> [ABOUT THIS EXERCISE]:
Ignoring every picture, return the lines of the listing below word for word, from the line that holds "Jenazah almarhum Muhammad" through the line that holds "O Sincomercio Nova".

[INPUT MATERIAL]

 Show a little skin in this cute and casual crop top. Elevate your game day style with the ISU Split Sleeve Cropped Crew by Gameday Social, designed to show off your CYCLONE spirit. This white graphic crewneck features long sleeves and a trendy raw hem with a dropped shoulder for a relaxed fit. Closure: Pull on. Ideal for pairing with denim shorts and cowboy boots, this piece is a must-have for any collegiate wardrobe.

[/INPUT MATERIAL]
[INPUT MATERIAL]

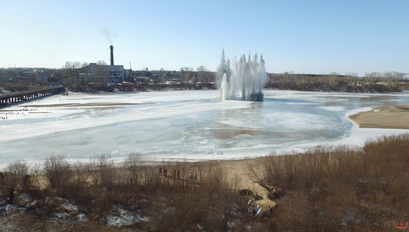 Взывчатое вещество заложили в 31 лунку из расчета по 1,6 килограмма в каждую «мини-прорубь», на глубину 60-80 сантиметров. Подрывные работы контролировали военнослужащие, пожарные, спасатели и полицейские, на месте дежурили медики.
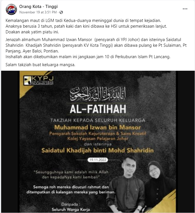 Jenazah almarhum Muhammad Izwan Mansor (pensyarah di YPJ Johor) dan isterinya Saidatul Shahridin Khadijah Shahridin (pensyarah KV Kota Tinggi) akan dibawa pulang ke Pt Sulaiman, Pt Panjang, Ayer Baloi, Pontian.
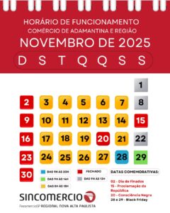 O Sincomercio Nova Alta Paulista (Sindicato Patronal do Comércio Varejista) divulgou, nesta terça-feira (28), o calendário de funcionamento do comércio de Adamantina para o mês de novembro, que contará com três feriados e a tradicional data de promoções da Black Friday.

[/INPUT MATERIAL]

> [WRITTEN ANSWER]:
 Jenazah almarhum Muhammad Izwan Mansor (pensyarah di YPJ Johor) dan isterinya Saidatul Shahridin Khadijah Shahridin (pensyarah KV Kota Tinggi) akan dibawa pulang ke Pt Sulaiman, Pt Panjang, Ayer Baloi, Pontian.
 O Sincomercio Nova Alta Paulista (Sindicato Patronal do Comércio Varejista) divulgou, nesta terça-feira (28), o calendário de funcionamento do comércio de Adamantina para o mês de novembro, que contará com três feriados e a tradicional data de promoções da Black Friday.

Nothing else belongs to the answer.